We should provide options to

Encrypt all values
Encrypt some values

The system should know

Which of the above options is used and act accordingly

Goal

Allow native interactions with schemas and entries whilst ensuring the data is decrypted / encrypted appropriately when marshalled/unmarshalling

Considerations

~~Encryption is expensive - consider whether including ?threading/aio/other? would be sensible.~~
Implement as extras in the build

broadstack-au commented 1 year ago

Use: https://cryptography.io/en/latest/ It'd be ideal to have a specific mechanism for key rotation Will need to apply a size limit to the values, 16Kb should be fine as an initial setting

aaam1t commented 1 year ago

Plan for encryption/decryption mechanism

Add encrypt/decrypt functions to Entry class using Cryptography - Fernet
- Key is stored separately -> passed in as argument
- Two options, using *args:
  - No args -> all fields
  - Pass in fields as args -> encrypt given fields
  - for field_name, value in self.values.items(): self.values[field_name] = encrypt_value(self.key, value)
- Will cause issues with validation though
  - Data is only stored in datatables temporarily, so we can keep unencrypted data in datatables before marshalling
  - Only encrypt when marshalling
  - Validate (+ 16k size limit) -> encrypt -> marshal
  - Note: Marshmallow structures and Mongo(?) docs would have to change to accept encrypted token (base64url string) as data type
Cryptography has native support for key rotation (Multifernet)
- Built-in key rotation method
- Upon encryption, keep track of which fields have been encrypted -> rotate these fields
  - Either add another field to record which are encrypted
  - Or store as blob instead of text and assume all blob fields contain encrypted data
    - Could cause issues with storing other types of data

Blockers/points requiring further info

Unsure about Setuptools and implementing as an extra, will need to examine docs
Not worked with threading/aio before (especially w/ Python), will definitely look into it
- From what i've read, async writes are generally not recommended -> probably shying away from aio for now

broadstack-au commented 1 year ago

Not worked with threading/aio before (especially w/ Python), will definitely look into it

On consideration - It probably makes more sense to leave that detail up to the implementing app - if they need to offload certain tasks, then they can work out how to do it.
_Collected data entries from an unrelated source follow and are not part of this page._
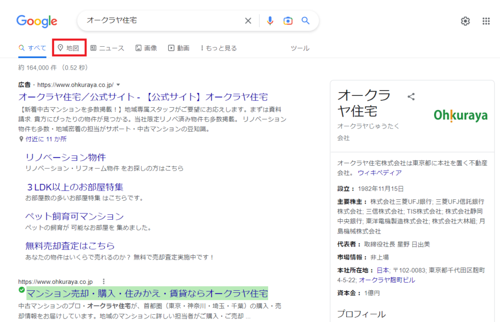 おすすめの探し方がGoogleMapです。Googleブラウザで仲介会社の名称を検索したあと、検索欄の下にある「地図」をクリックするだけで、口コミを確認できます。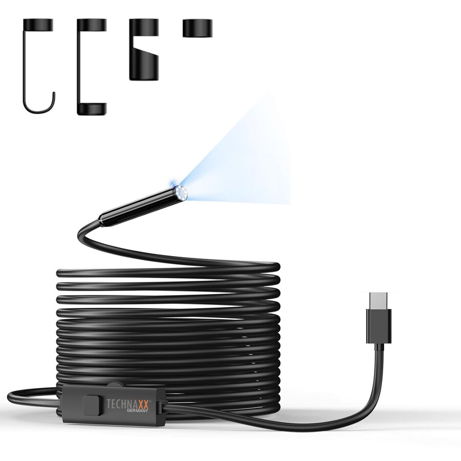 Auflösung 1MP / 25 Bilder pro Sekunde IP 67 Zertifiziert 8 dimmbare LED-Leuchten 5m semiflexibles Kabel Kostenfreie App 70° Weitwinkel Foto- und Videoaufnahme in MP4 / JPG Mit Haken, Spiegel und Magnetaufsatz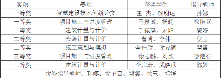 学院领导高度重视本次比赛,比赛准备历时3个多月。我院工程管理系5位指导教师利用暑假到企业参加师资培训,并做好参赛选手的选拔工作和组织学生积极备赛。本次大赛我院共派出9支代表队参加全部5项比赛,取得佳绩: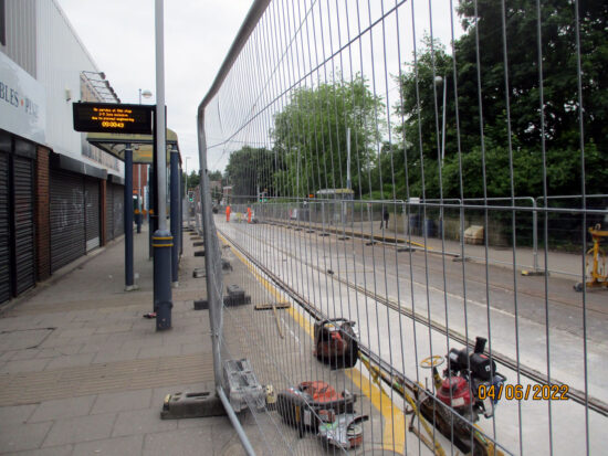 Infirmary Road tramstop where work is underway on replacing the inbound tracks. The passenger information display let’s anyone know – in case they hadn’t notice the big barriers! – that there are no trams running from the stop.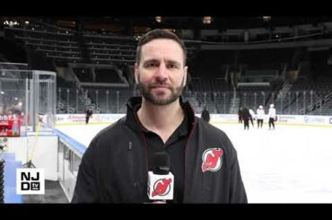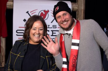 L’animatrice Catherine Bogart a des entrevues d’avant-match, des faits saillants et une couverture avant le match des Devils contre les…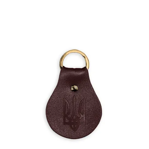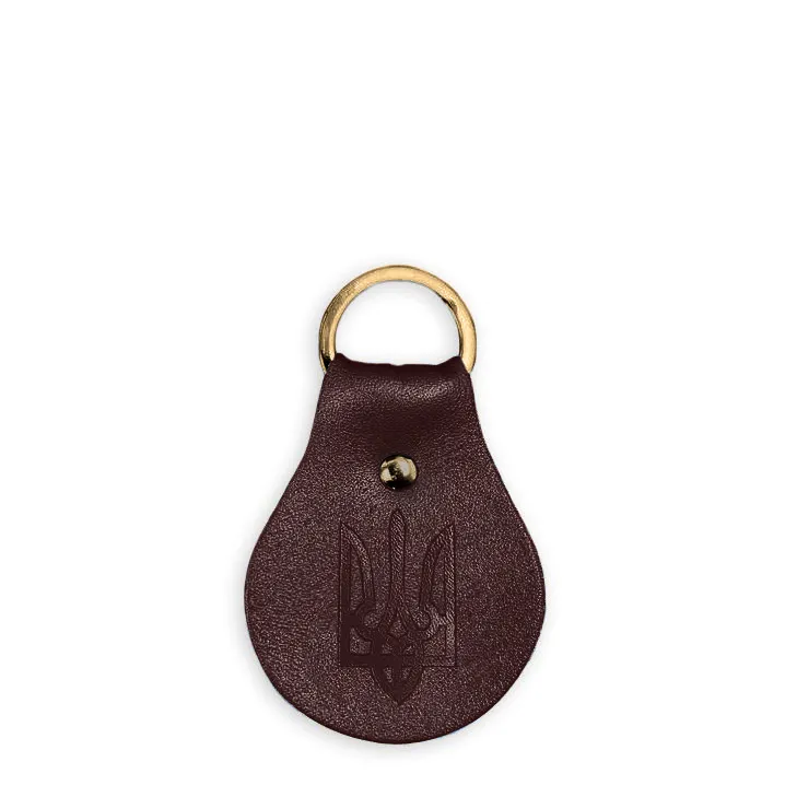 Дизайн брелока включает тиснение в форме Тризуба — национального символа, который подчеркивает патриотическую направленность аксессуара. Бордовый цвет кожи дополняет эстетику изделия, делая его стильным и универсальным дополнением к вашим повседневным вещам.

broadstack-au commented 1 year ago

We need to look at an asymmetric solution first. If this lib is used in an isolated multi-tenanted environment, we want to be sure we have a way to keep the data flow one-way (this lib encrypts, the implementing system decrypts).

I think it'll be relatively straight forward to have multiple options for how the encryption is handled. If we introduce SchemaFieldFormat.encrypted() we could map its _field to a class which encapsulates the "original" marshmallow field and can deal with the encrypted data.

Something like....

class SchemaFieldFormat:
...
  encrypted: typing.Optional[str] = field(default=False)

  _get_mapped_fieldclass(self) -> typing.Callable:
    _mapped_type = SCHEMAFIELD_MAP[self.type]
    if not self.encrypted:
      return _mapped_type()
    return EncryptedSchemaField(type=_mapped_type, method=self.encrypted)

So the validated flow would be [input] -> EncryptedSchemaField.validate() -> OriginalField.validate() Serializing the data would be [value] -> EncryptedSchemaField._serialize() -> something.encrypt(value).base64encode()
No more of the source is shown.